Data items

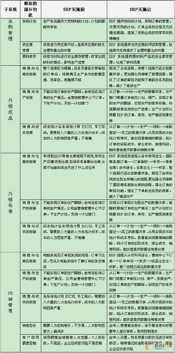 以下是永大各主要業(yè)務(wù)部門在實(shí)施ERP系統(tǒng)前后在管理上的對(duì)比:
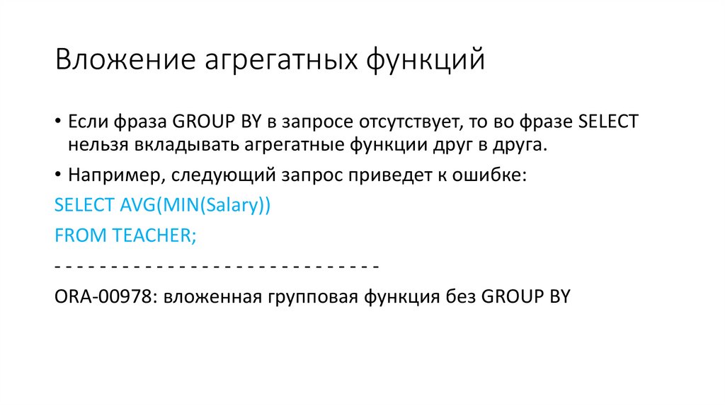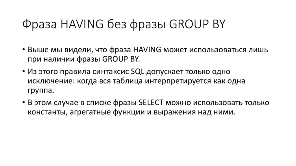 • В этом случае во фразе SELECT также можно использовать
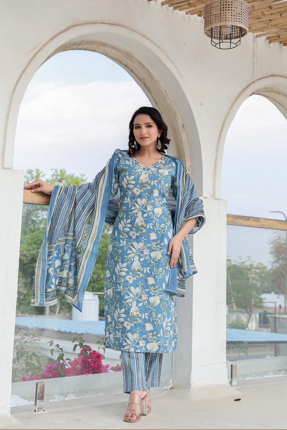 Blue Floral Printed Cotton Suit Set with Dupatta
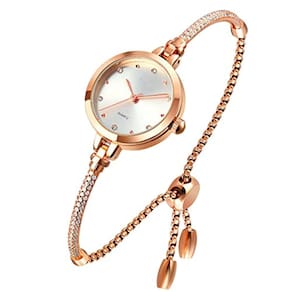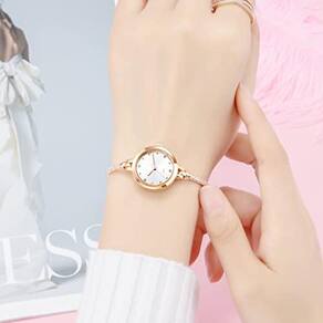 Relógio feminino de quartzo analógico TOOCAT Relógios em ouro rosa brilhante com pulseira de diamantes brilhantes Relógio de pulso impermeável de quartzo para meninas e estudantes (prata)
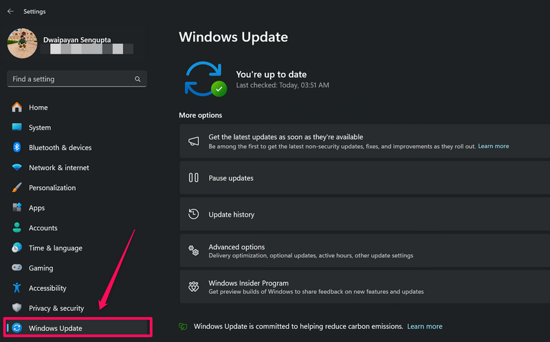 Följ stegen nedan för att söka efter de senaste Windows 11-uppdateringarna på din PC eller bärbara dator:

Work task – No pictures belong in the copy. Repeat the entries exactly.

Response to the task –
 以下是永大各主要業(yè)務(wù)部門在實(shí)施ERP系統(tǒng)前后在管理上的對(duì)比:
 • В этом случае во фразе SELECT также можно использовать
 Blue Floral Printed Cotton Suit Set with Dupatta
 Relógio feminino de quartzo analógico TOOCAT Relógios em ouro rosa brilhante com pulseira de diamantes brilhantes Relógio de pulso impermeável de quartzo para meninas e estudantes (prata)
 Följ stegen nedan för att söka efter de senaste Windows 11-uppdateringarna på din PC eller bärbara dator:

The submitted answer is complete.